Although an adult chimpanzee rarely exceeds 170cm in height and 80kg, it is well known that no member of our species would be able to win a hand-to-hand fight with these animals. The puniest of these apes would be able to grab the average Homo sapiens by the ankle and mop the floor with it.

This is a fact that is referred to, for example, in the documentary Project Nim, which tells the story of a group of people who tried to raise a chimpanzee as if it were a human baby; The difficulties in educating the ape were compounded by the danger of their outbursts of anger, which could end in serious injuries with alarming ease.

This fact is not accidental, and it has nothing to do with that simplistic vision of nature according to which wild beasts are characterized by their strength. It is quite possible that this humiliating difference in the strength of each species is due to the development that our brain has undergone throughout its biological evolution.

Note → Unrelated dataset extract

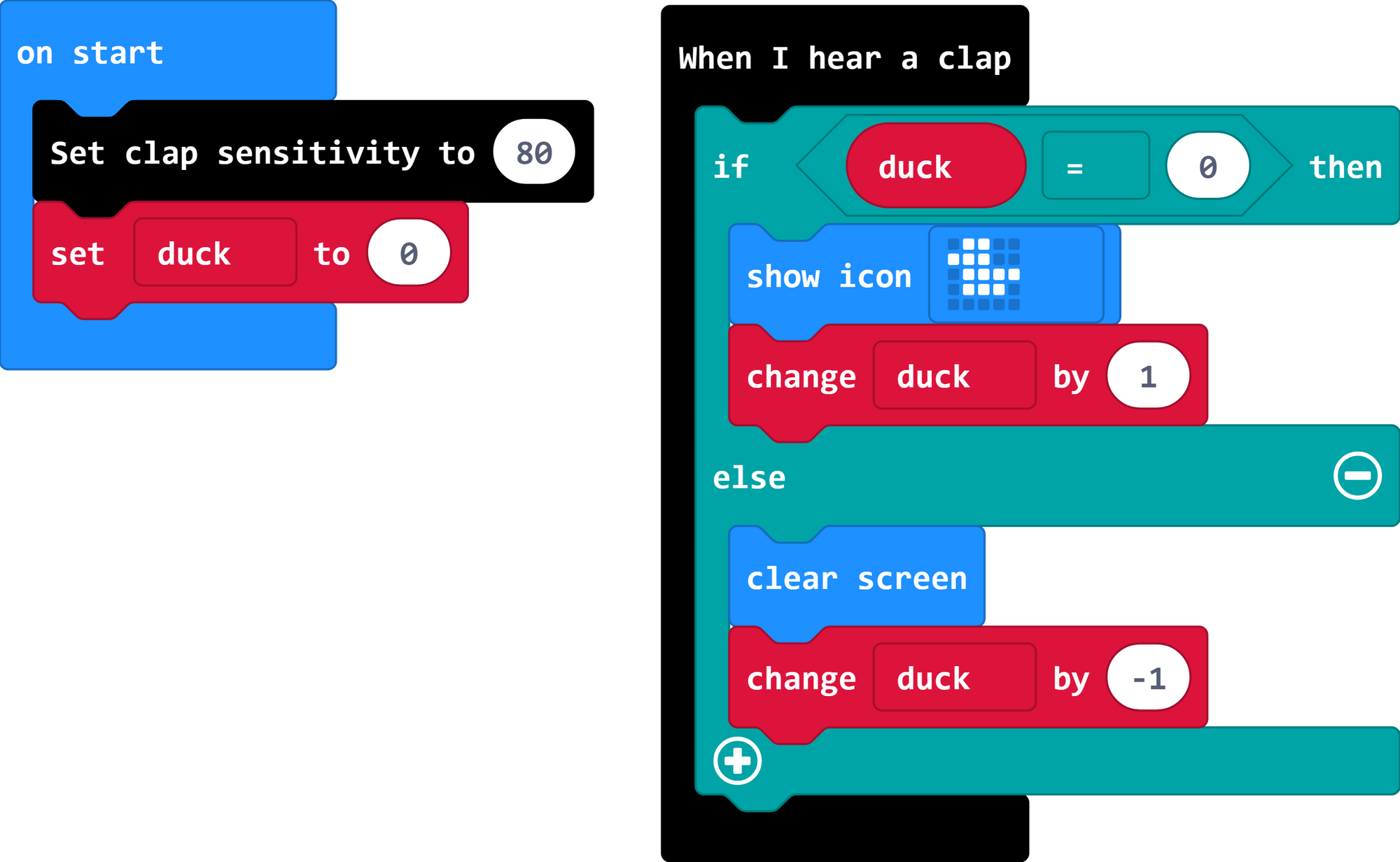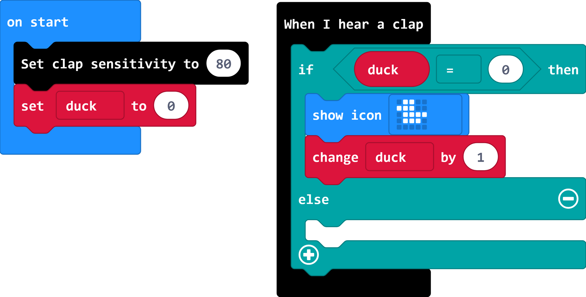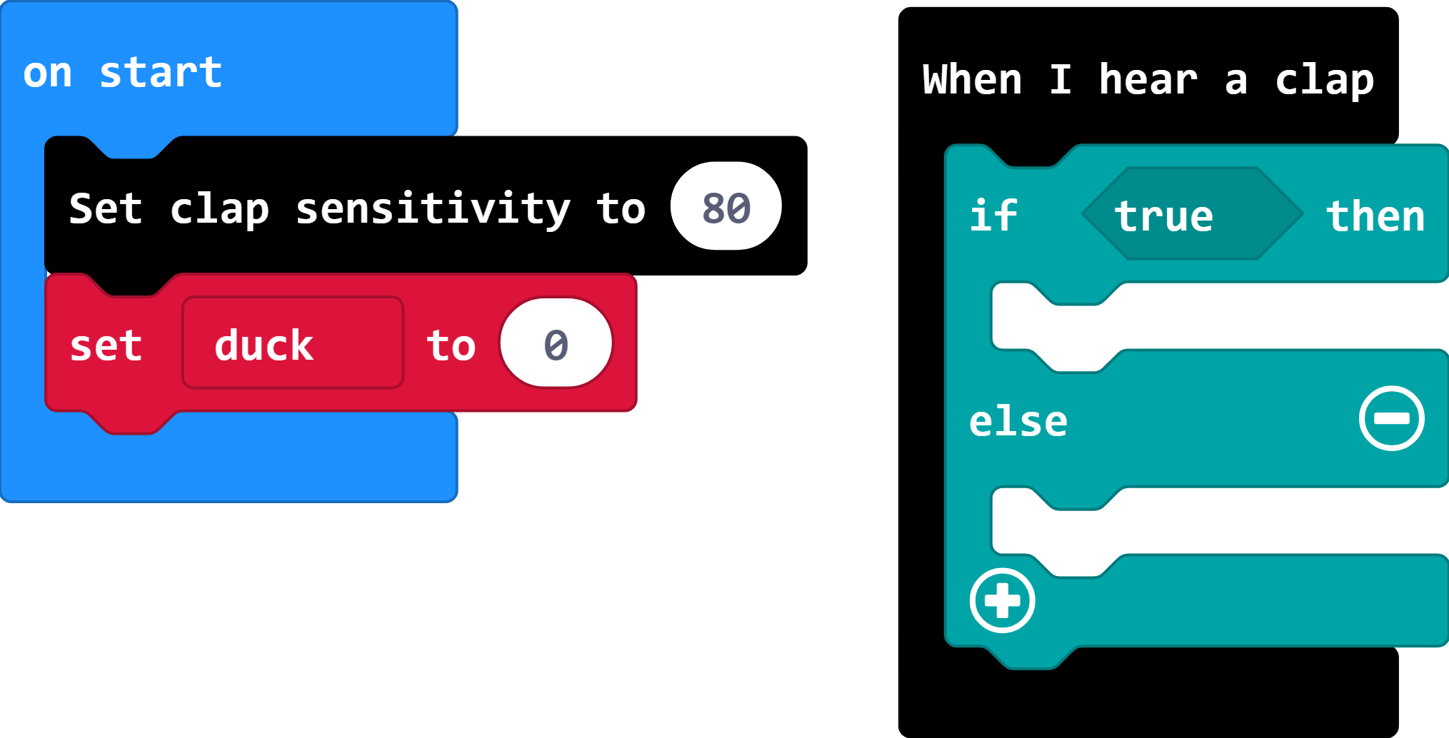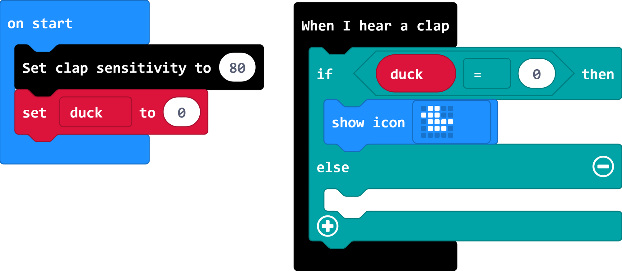 2. Now we need to listen for a clap, and then check whether there is a duck or not. In the logic menu, you will find a block for "if ___ then, else"

Also, it seems that our brain has had to develop new ways of managing energy. In an investigation whose results were published a couple of years ago in PLOS ONE, it was found that the metabolites used in various areas of our brain (that is, the molecules used by our body to intervene in extracting energy from other substances) have evolved at a much faster rate than have those of other species of primates. On the other hand, in the same investigation it was observed that, eliminating the factor of the difference in size between species, ours is half as strong as that of the other non-extinct apes that they studied.

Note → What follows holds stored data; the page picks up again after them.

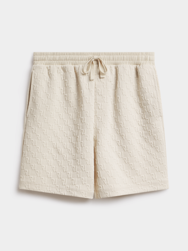 Elevate your off-duty look with the Relay Jeans Men's Jacquard Ecru Shorts. Crafted from premium jacquard fabric, these shorts offer a soft yet structured feel with a tonal textured pattern that adds subtle depth. Designed with comfort and style in mind, they feature a relaxed fit, elasticated waistband with drawcord, and side pockets for everyday ease.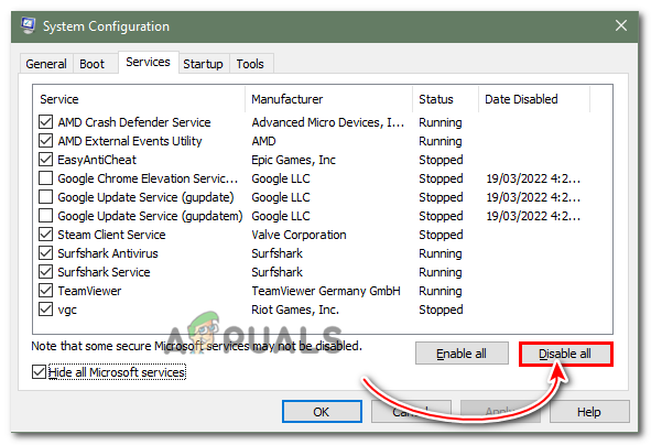 Check Hide all Microsoft services - After hiding all Microsoft services click on disable all option and press apply Ok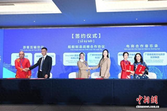 图为签约仪式。翟李强 摄当天,越南政企代表团搭乘邮轮抵达北部湾国际邮轮母港,开启北海之行。代表团通过考察北海银滩、阿萨卡网红城市、老城历史文化街区等重点项目,体验北海在文旅创新、产业升级方面的成果,并与中方政企代表探讨合作机遇。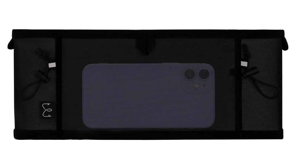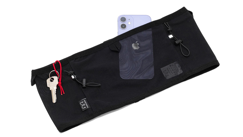Удобный пояс с карманами для бега по пересеченной местности. Передний карман предназначен для хранения телефона. По окружности располагаются открытые карманы разного размера для удобного размещения необходимых мелочей. Спереди предусмотрены две съемные петли для крепления номера, а в боковых карманах - петли для ключей. Сзади располагаются две широкие резинки с противоскользящим плетением, предназначенные для хранения треккинговых палок или беговых аксессуаров.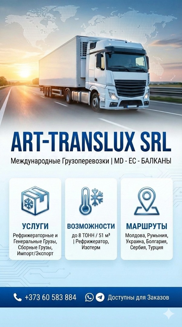 ART-TRANSLUX SRL — автотранспортная компания, специализирующаяся на внутренних и международных грузоперевозках.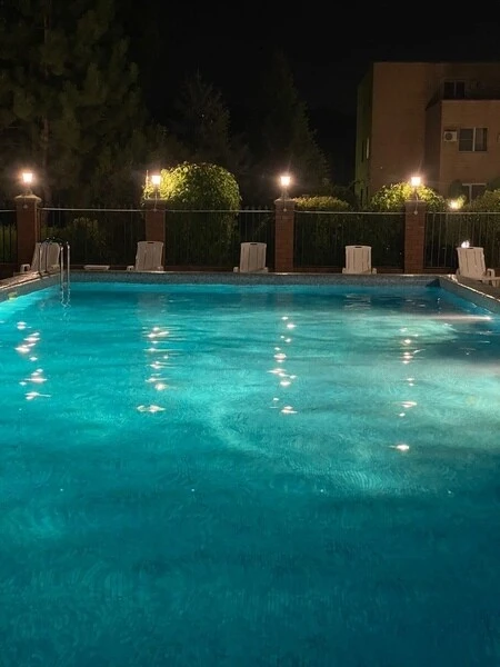 Тип бассейна: открытый бассейнРядом с бассейном: шезлонгиСвободное посещение бассейна: 300 ₽/час (взрослые), 230 ₽/час (дети от 7 лет) с 08:00 до 17:00; 350 ₽/час (взрослые), 250 ₽/час (дети от 7 лет) с 17:00 до 20:00. Дети до 14 лет могут посещать бассейн только в сопровождении взрослых.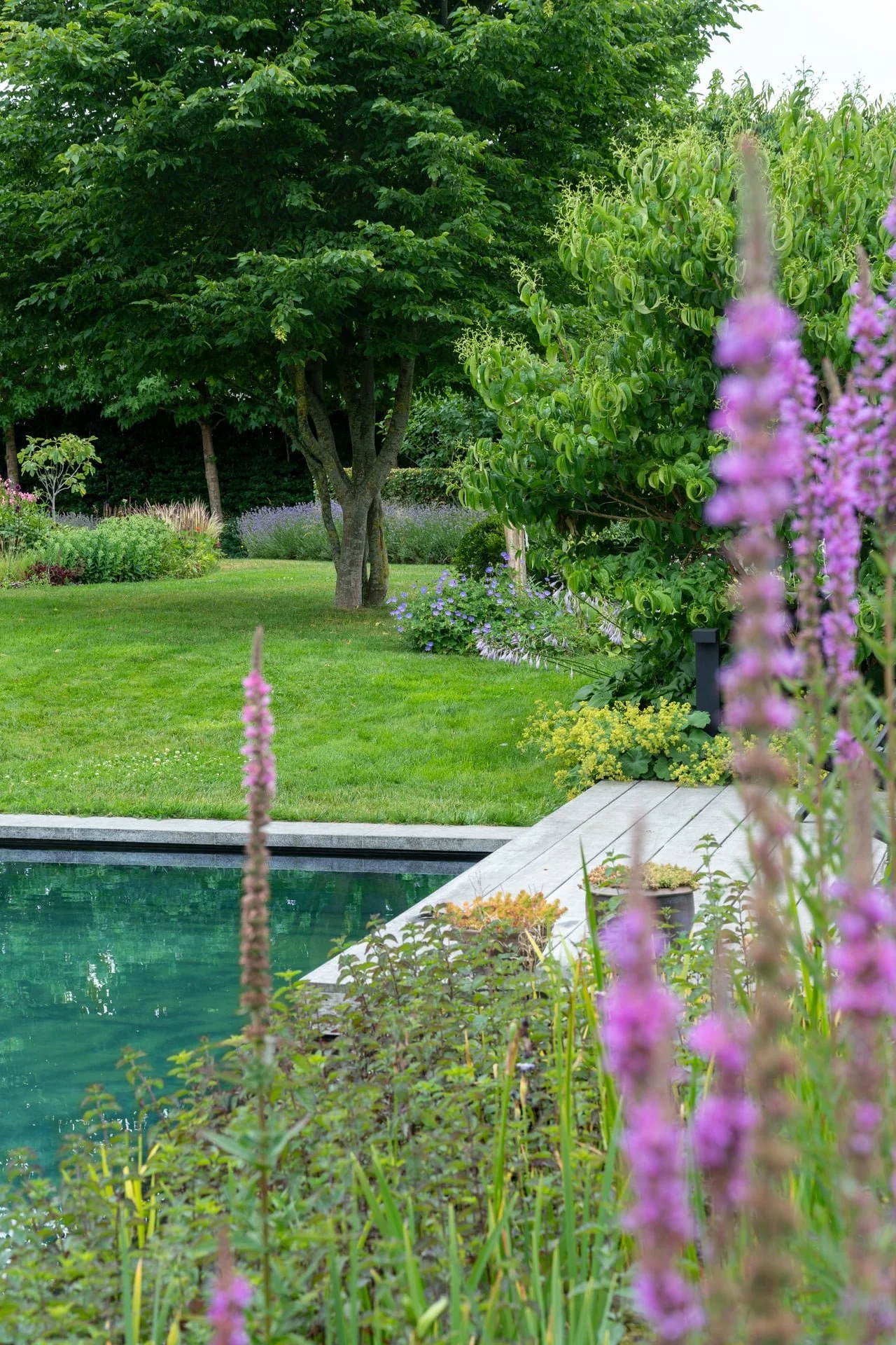 Bij dit project staat een grote meerstammige haagbeuk centraal, die niet alleen een prachtig silhouet vormt, maar ook de nodige privacy garandeert. De natuurlijke zwemvijver nodigt uit tot verkoeling, terwijl de kinderen zich uitleven op het voetbalveldje of een boek lezen in de hangmat – een echte familietuin dus.

Increased consumption of brain energy

Since we do not have the same body robustness as the rest of large organisms, this greater consumption at the level of head has to be constantly balanced by clever ways of finding energy resources using all the body.

For this reason, we find ourselves in an evolutionary blind alley: we cannot stop looking for new ways to face the changing challenges of our environment if we do not want to perish. Paradoxically, we depend on the ability to plan and imagine provided by the very organ that has robbed us of strength.

  • You may be interested in: "theories of human intelligence"

Bibliographic references:

  • Aello, L. C., Wheeler, P. (1995). The expensive tissue hypothesis: the brain and digestive system in human and primate evolution. Current Anthropology, 36, p. 199 - 221.
  • Arsuaga, J. L. and Martinez, I. (1998). The Chosen Species: The Long March of Human Evolution. Madrid: Planet Editions.
  • Bozek, K., Wei, Y., Yan, Z., Liu, X., Xiong, J., Sugimoto, M. et al. (2014). Exceptional Evolutionary Divergence of Human Muscle and Brain Metabolomes Parallels Human Cognitive and Physical Uniqueness. Plos Biology, 12(5), e1001871.